Two Black Cars Collide at the Pastry Booth, 2022  
Film
Duration: 11:48 min. 

 



Inspiration for the work Two Black Cars Collide at the Pastry Booth (2021) came in the form of a terrain at the Briljantlaan (Brilliant Avenue) in Utrecht that Lüschen felt intuitively drawn to. The area comprises the unusual combination of neatly aligned garage boxes, a gas station, a laundry service, a car wash, a pastry booth and two pale blue residential houses; most people would pass through it without looking twice at the site.


Not Lüschen, however, who kept revisiting the place and reporting his findings in a journal. Initially he mainly observed the structural elements and their characteristics from the outside, but over the course of a month he slowly began to immerse himself in the private lives of those connected to the location; the manager of the gas station, a tenant of a small office space, the pastry sellers, the landlord of the garage boxes and the family living atop them.


His presence is like the spotlight at the start of his video work, Two Black Cars Collide at the Pastry Booth, rapidly spreading and mapping the area. As a simplified 3D model of the space comes into view, we hear fragments drawn from the artist’s notes. The colouring of the subtitles may remind some people of old video games, as does the pawn moving across the floor plan indicating the subject of each reflection. Lüschen: ‘At the time, it felt like I was in some kind of real-life first-person shooter game, but with a flashlight instead of a weapon, looking for answers about this place.’


The ostensibly straightforward public space seems to have a soft spot in this conglomeration of buildings where ‘the vague’ can blossom. A resident confides conspiracy theories to Lüschen while his numerous parrots repeat previously perceived life excerpts. Especially once the title incident is mentioned, one may wonder whether the diary fragments themselves contain alternative realities.

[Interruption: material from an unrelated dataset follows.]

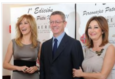
Alberto Ruiz Gallardón, alcalde de Madrid, rodeado por los periodistas Susana Griso y Ana Rosa Quintana.

As the neat floor plan is wiped out, a blank canvas remains. On the one hand it mirrors an aforementioned fragment of an empty canvas, waiting for a parrot portrait; on the other, it visualises a lack of control and endless possibilities. The video ends in a 3D simulation: an assemblage of what Lüschen witnessed, things he was told, and what supposedly could be stored inside the talking birds. A staircase leads to nowhere. With the viewpoint circling the bordered landscape, one may get the feeling thatin our shared mission with the artist to define the place we are stuck inside a level of the game that proves to be undefeatable.